Antonín Dvořák, Undated Photograph, Photo courtesy Music Division, New York Public Library for the Performing Arts, Astor, Lenox and Tilden Foundations.

The Dvořáks arrived just as the country was feverishly putting the finishing touches on the 400th anniversary celebration of Columbus's landing in the New World. There was a national taking of stock. What transpired over the last four centuries? What had we become? Where were we heading? In apposition to the small role Christopher Columbus was assigned for the relatively tame 1792 celebrations, the master navigator was now being held forth as an iconic figure for the United States and its growing sense of empowerment. Any misgivings intellectuals might have had about the catastrophe Columbus brought upon Native Americans and enslaved Africans were swept aside in the euphoria. The more recent 1992 celebration, sobered by revisionist debates, stands in stark contrast to what Dvořák encountered.


Starting on Monday, October 10, 1892, New York's island of Manhattan, draped in bunting and glowing with electric-light signs, played host to a revelry that continued unabated for three days and nights.
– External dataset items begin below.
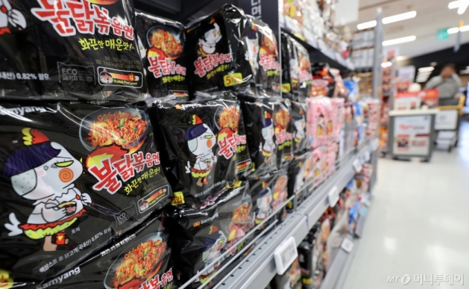 황제주 등극을 앞둔 삼양식품이 24일 코스피 시장에서 상승 중이다. 장 중 95만원을 터치했다. 불닭볶음면이 해외 돌풍을 일으키며 주가 부담과 미국 관세 정책 우려도 상쇄 중이다. 증권사들은 잇달아 삼양식품의 목표주가를 100만원 이상으로 올리고 있다. 이날 오전 10시43분 현재 삼양식품은 전날 대비 1만6000원(1.73%) 오른 94만2000원에 거래 중이다. 지난해 4월24일 29만원에 불과했던 삼양식품 주가는 1년 새 224.83% 올랐다. 올해 들어서만 23.14% 급등했다. 삼양식품 주가 급등의 원인은 불닭볶음면...
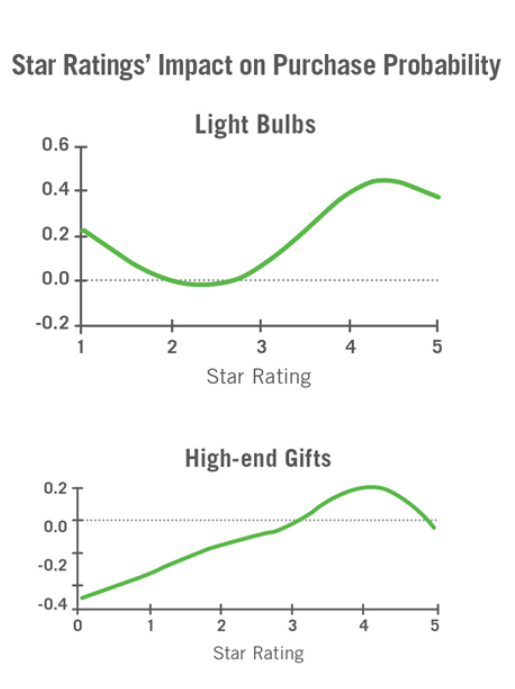 Статистика с сайта spiegel.medill.northwestern.edu. Вероятность покупки достигает пика при рейтинге 4.2–4.5 звезды и заметно снижается при достижении «идеальных» 5.0. Покупатели ищут баланс и честность, а не глянцевое совершенство. На первом графике «Лампочки» (категория недорогих товаров повседневного спроса), а на втором «Дорогие подарки» (премиальный сегмент, где цена ошибки при покупке выше).
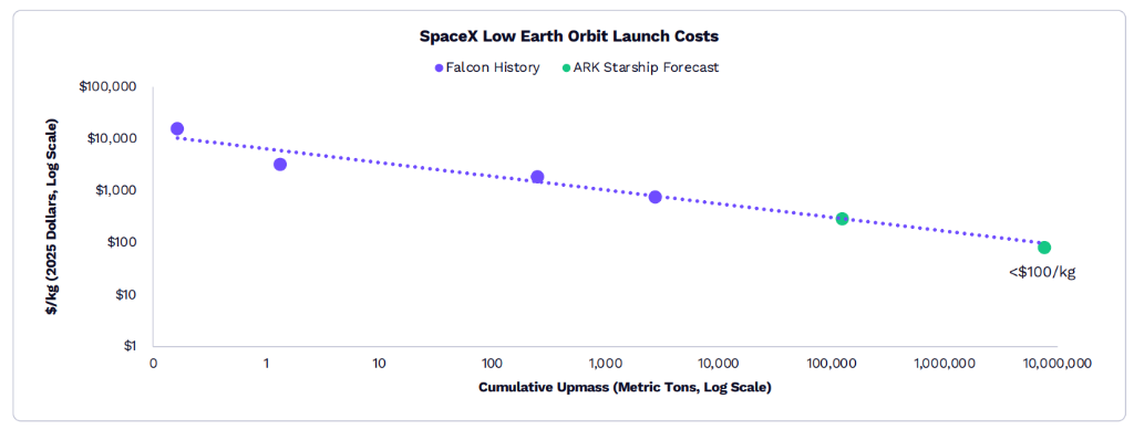 发射本钱持续降低。依据赖特定律(Wright's Law),每累计发射水平翻倍,发射本钱应降低约17%。自2025年以来的17年间,借助猎鹰9号的部分可重复用性,SpaceX已将本钱削减约95%,从每公斤约1.56万USD降至不到1000USD。ARK研究表明,Starship可以将这一轨迹延续到规模化时的每公斤100USD以下。

The city became flooded with visitors. The Hudson and East Rivers teemed with naval flotillas and private boats that sailed out to greet them. Nightly fireworks exploded from atop tall buildings and gushed out in fiery "Niagaras" from the flanks of the Brooklyn Bridge. Temporary arches, designed by Stanford White, were erected across Fifth Avenue. And the 76-foot-high Columbus Monument, the largest stone of which weighed 36 tons, was ceremoniously raised by proud Italian workmen in the center of the newly named Columbus Circle, where it still stands. From his temporary hotel quarters just off Union Square, the staging area and principal hub for the all-day parades, Dvořák wrote to his friend Karel Bastar, noting the exact hour as well as the date:

New York Clarendon
Hotel, early morning
at 7 hours 18 14/10 92
[14 October 1892]

Just imagine row after row [of marchers], an incredible procession of peopleworking both in the fields of industry and the crafts, and huge numbers of gymnasts - among them members of the Czech Sokol - and crowds of people from the arts and also many nationalities and colors. And all of this went on uninterruptedly, from dawn until 2:00 in the morning ... Thousands upon thousands of people, and an everchanging sight! And you should hear all the kinds of music! ... Well, America seems to have demonstrated all it is and all it is capable of! I haven't got enough words to describe it all.